* Task brief:
Reproduce each line of the entries that carries "Srečanje".
(Entries shown begins)
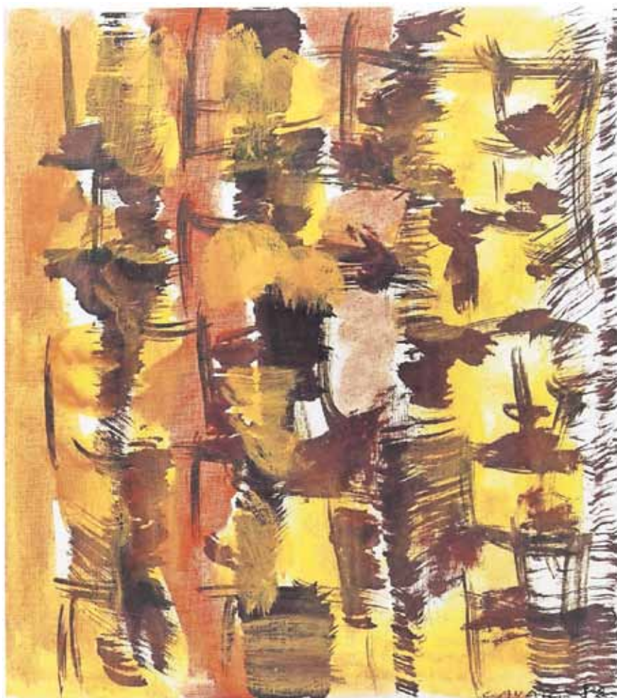
"Senza titolo", 1982, olio su tela. A sinistra: "Senza titolo", 2000, acrilico.

ni del grigio a sostenere strutture sempre mosse, progressive. Al loro interno si rendono possibili, aprono pertugi, diventano percorribili tra il qui e l'altrove, che non è un altro luogo ma un'altra dimensione dell'esistere. Anche lui, Cavalli, come noi orellianamente «oriundo dell'aldilà». Che è un concetto eminentemente filosofico, ed è questa la seconda ragione dell'andirivieni tra le quinte dei suoi dipinti. È ansioso di trovare dell'altro, qualcosa di ulteriore, che sveli, che chiarisca il possibile: all'interno dei segni e delle forme pittoriche mantenute in tensione sul filo del ritmo, ma ancor di più dentro le domande che assillano. Domande che dalla pittura possono avere risposte? Cavalli non dice ma insiste in questa direzione attraverso un lavoro progressivo, lievemente incalzante, ben strutturato, quindi consapevole, cercato e voluto.
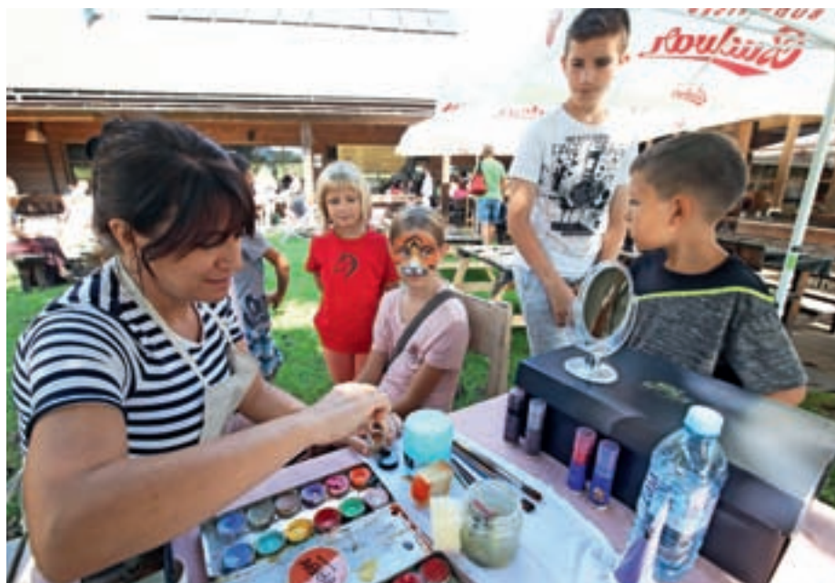
Srečanje rejniških družin v Besnici

Center za socialno delo Gorenjska se zahvaljuje vsem, ki so kakor koli prispevali k izvedbi srečanja. Želijo si, da bi Srečanje rejniških družin postalo tradicionalno.
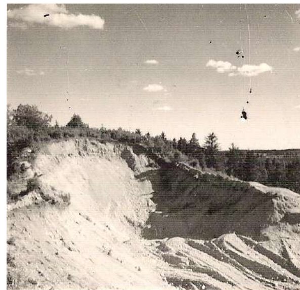
Eestlaste muistne linnusease Linnamägi veeti 1950ndate aastate algul Tapa sõjaväelennuvälja ehituseks.
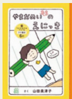
『やまだめいたちのえにつぎ』 山田 美津子/さく 理論社

絵日記の宿題が出ているめいちゃん。だけど、めいちゃんは、どこにも行っていないし、昨日はなんにもなかったし「絵日記、やりたくない!誰か代わりに書いてくれないかなあ」
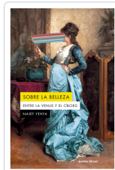
Sobre la belleza. Entre la Venus y el Ciborg Naïef Yehya
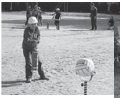
▼水消火器による消火訓練（五小）
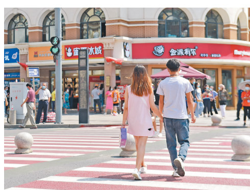
一對情侶通過烏魯木齊大巴扎景區附近路口，這裏的信號燈出現了心形裝飾。

課題組構建了一套涵蓋城市自然安全、治安安全、食品安全、交通安全、公共衛生安全、生態安全、公共場所設施安全、社會保障安全、信息安全等9個城市公共安全感要素，各項指標指數排名依次是公共場所設施安全感、自然安全感、生態安全感、交通安全感、治安安全感、公共衛生安全感、社會保障安全感、食品安全感、信息安全感。
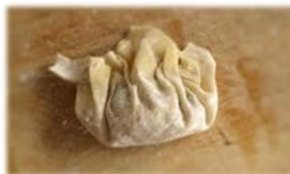
Wonton aux Crevettes
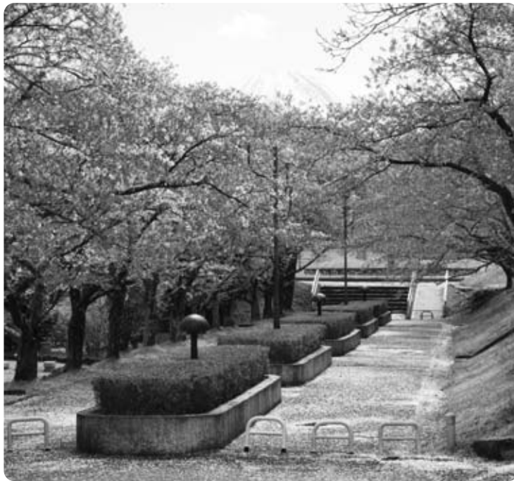
満開の殿原スポーツ公園
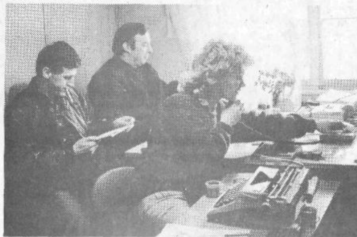
Vodstvo krajevne skupnosti je mobiliziralo vse strukture obrambe na svojem območju.
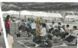
戸頭中学校 (吹奏楽)
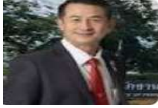
นายแพทย์ชลอนาน ศรีแก้ว รัฐมนตรีว่าการกระทรวงสาธารณสุข

สำนักงานสาธารณสุขอำเภอเมืองลำปาง จังหวัดลำปาง (หน่วยงานภายใต้กระทรวงสาธารณสุข)
(Entries shown ends)
* Answer to the exercise:
Srečanje rejniških družin v Besnici
Center za socialno delo Gorenjska se zahvaljuje vsem, ki so kakor koli prispevali k izvedbi srečanja. Želijo si, da bi Srečanje rejniških družin postalo tradicionalno.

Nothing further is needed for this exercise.